Daddy? her toothless gums mumble at him, and he looks around him in embarrassment, as if it wasn’t to him that the syllables were addressed, as if expecting to see there the legendary father whom he never knew, rising from the dead and hurrying to take his elderly daughter in his arms, but she fastens her eyes on him and repeats, Daddy? – extending to him the apologetic smile of a child trying to evade punishment, her hand reaching out for his and he recoils, Mum, it’s me, Avner, and Dina’s here too, he adds, urging his sister to back him up, to help him draw their mother with a chain of words into their world, but his mother ignores his words and beams at him in wonderment and joy, nothing can destroy her happiness, the undiluted happiness that he sometimes identifies on the face of his youngest son, the absolute embodiment of all delights, her fingers avidly caressing his arm, I’ve missed you, she whispers, it’s been so long, I was afraid you weren’t coming back.

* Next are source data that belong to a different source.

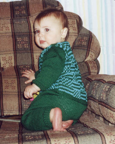 Полочка и спинка связаны крючком, а рукова и штанишки - спицами.13 ноября 2003 г.
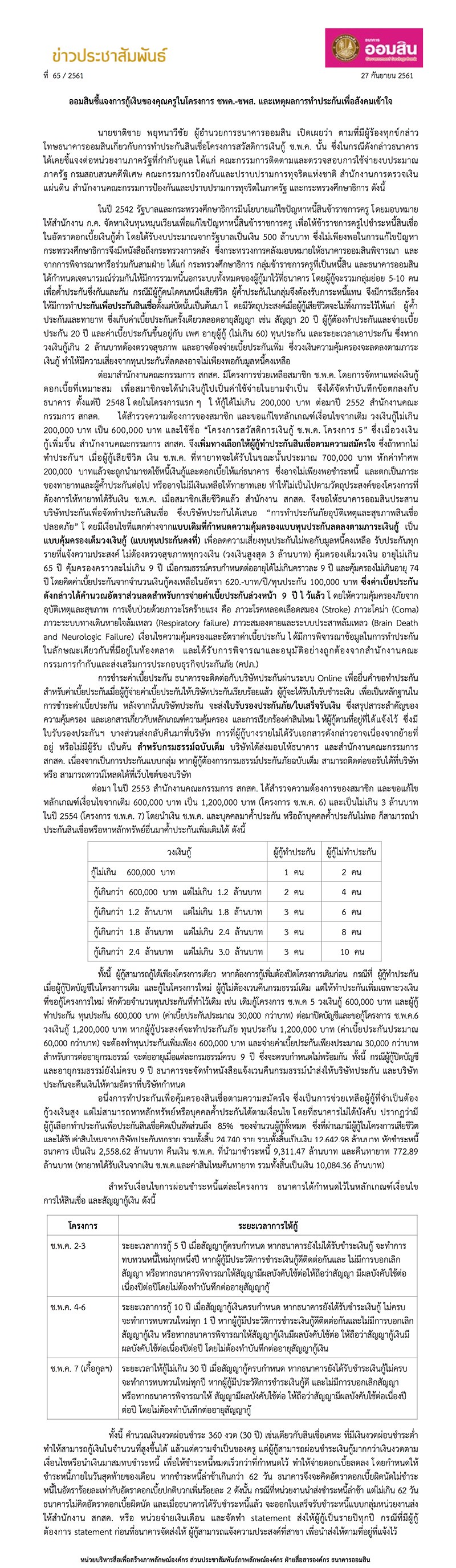 ออมสินชี้แจงการกู้เงินของคุณครูในโครงการ ชพค.-ชพส.
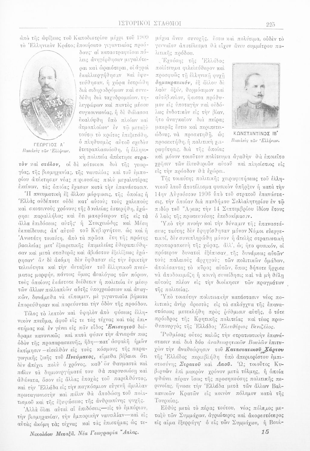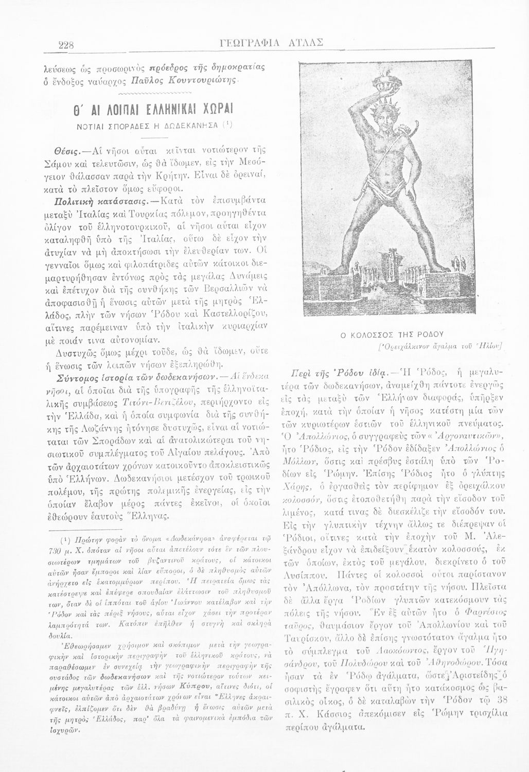 Παρουσίαση περιεχομένου: Σχολικό εγχειρίδιο Γεωγραφίας για τα Ελληνικά Σχολεία, τα Γυμνάσια, τα Διδασκαλεία, τα Παρθεναγωγεία και τις Εμπορικές-Στρατιωτικές-Ναυτικές Σχολές που περιέχει εισαγωγή στην κοσμογραφία, τη μαθηματική, πολιτική, οικονομική και φυσική γεωγραφία, τη γεωλογία, τη ζωολογία και φυτολογία και την ανθρωπογεωγραφία και εξετάζει την Ελλάδα και ενδεικτικές χώρες από τις πέντε ηπείρους από γεωφυσική, πολιτική και οικονομική άποψη. Περιέχει και αναφορά στις "λοιπές ελληνικές χώρες" στις οποίες περιλαμβάνει τα Δωδεκάνησα, την Κύπρο και την Τουρκική Θράκη.
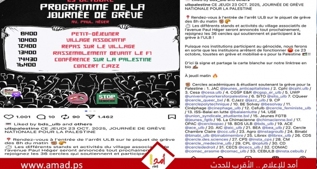 وقالت حركة ULB Palestine الطلابية، في بيان لها، إن إدارات الجامعات البلجيكية لم تفِ بوعودها السابقة بإنهاء التعاون مع الجامعات الإسرائيلية، رغم وضوح المواقف القانونية والأخلاقية الداعية إلى ذلك.
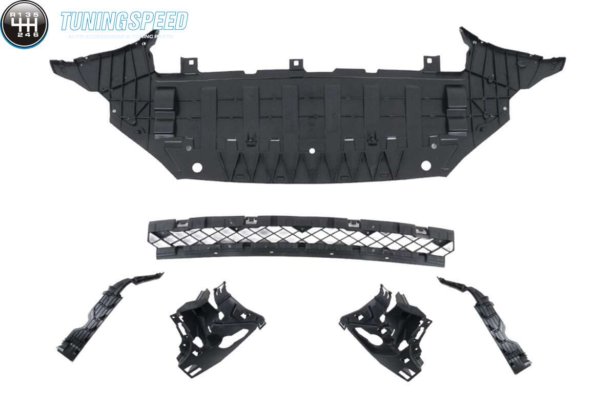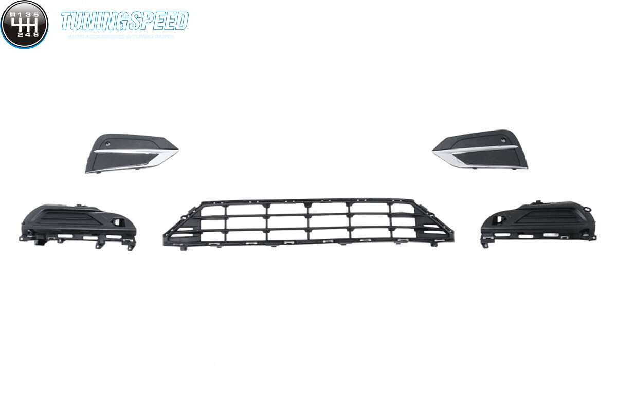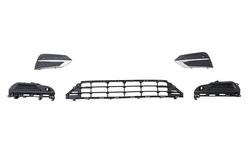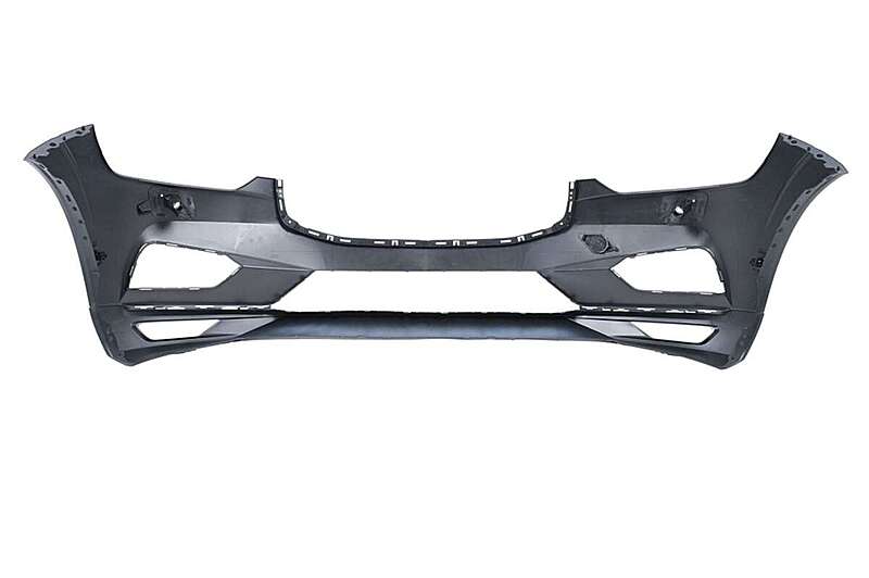 Front bumper equipped with central grille, central-lower grille, side grilles, and PDC holders
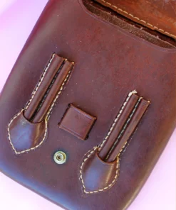 Original vintage real leather small satchel bag in a dark brown colour with contrasting stitching.
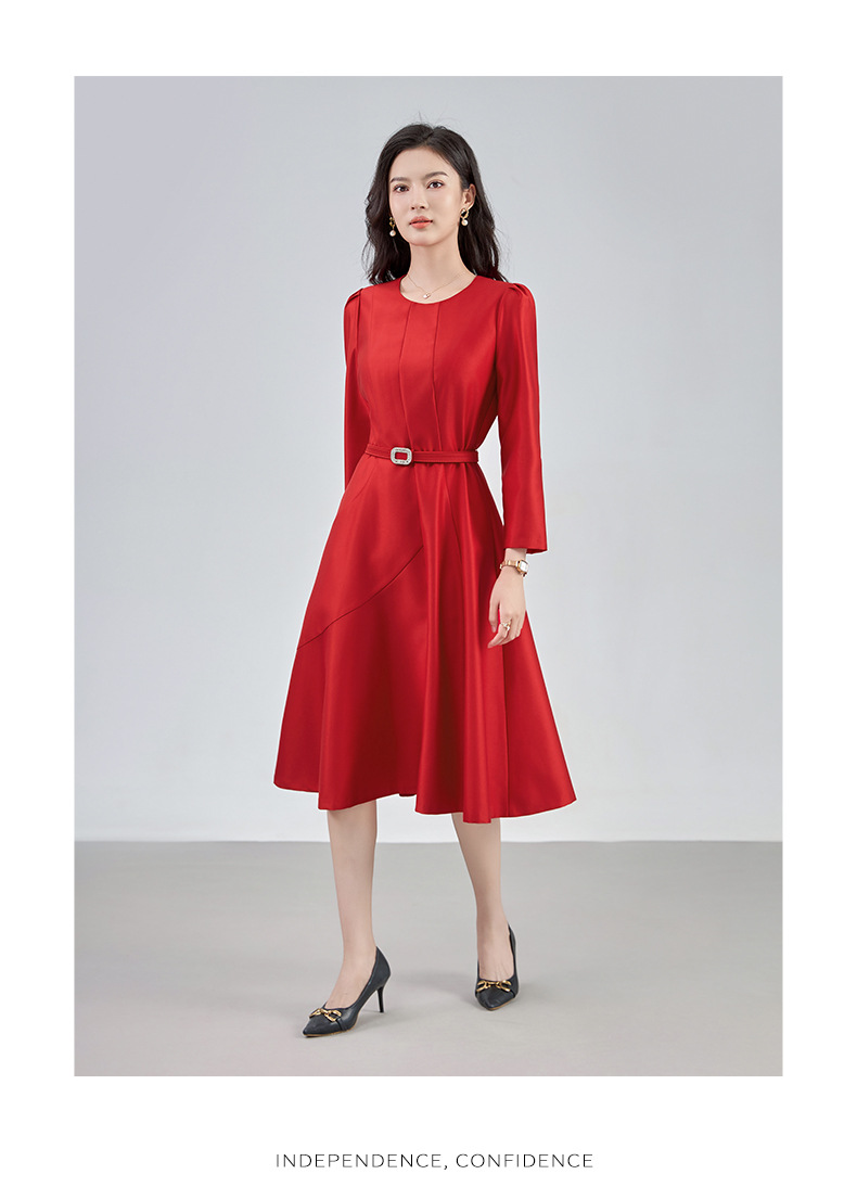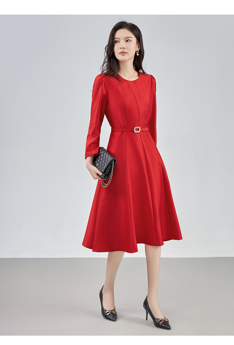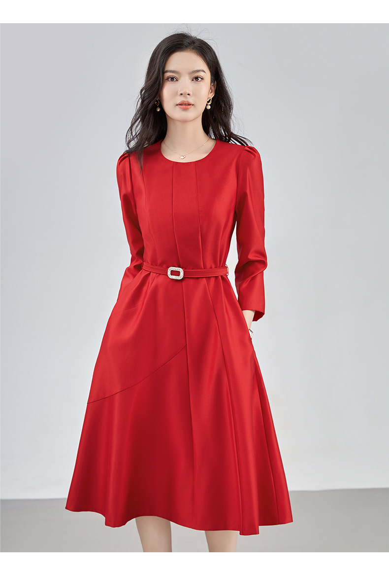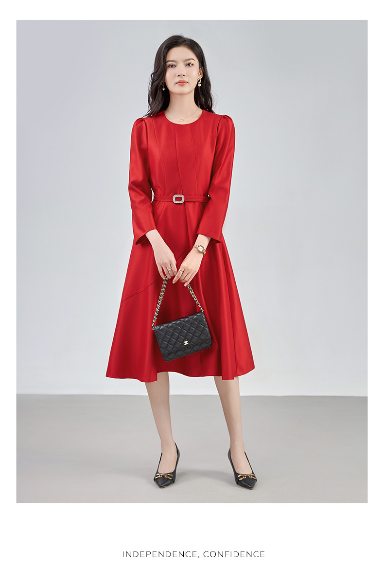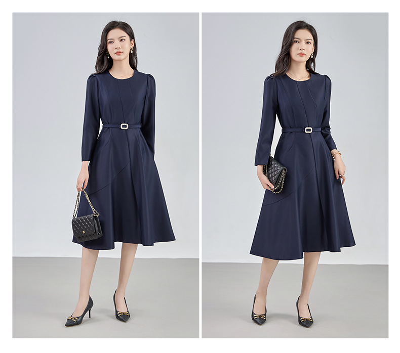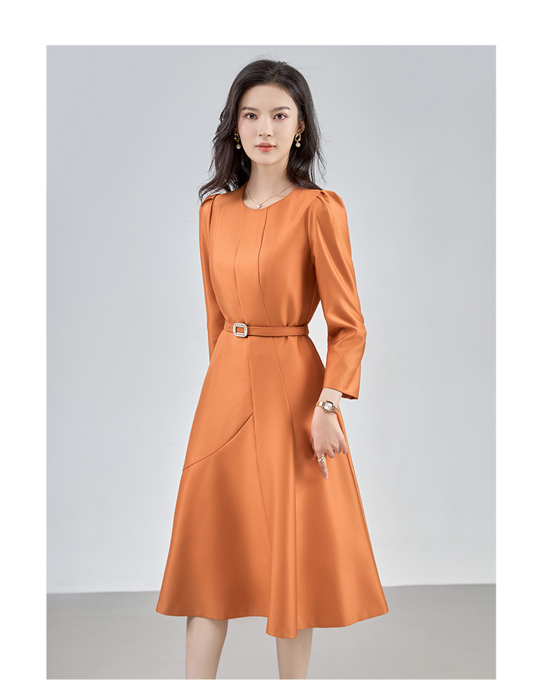 【高货wl】全新升级【铂金会员321/天猫429/差价108】(35024) 洛诗琳秋季新款收腰显瘦法式气质连衣裙时尚简约腰带A字裙

Over the rail of the bed he sees his sister breathing heavily, her dark eyes moist, and she clutches her mother’s other hand, this is Avner, he isn’t your father, she says in her authoritative tone, as if standing in front of a class, we’re in the hospital, you had another fall, do you remember? But the old woman rejects her words angrily. Leave me alone, I didn’t ask you, she says, let me be alone with him, and she shakes off her daughter’s hand and holds his arm with a vigour which reminds him for a moment of the healthy-bodied woman she once was.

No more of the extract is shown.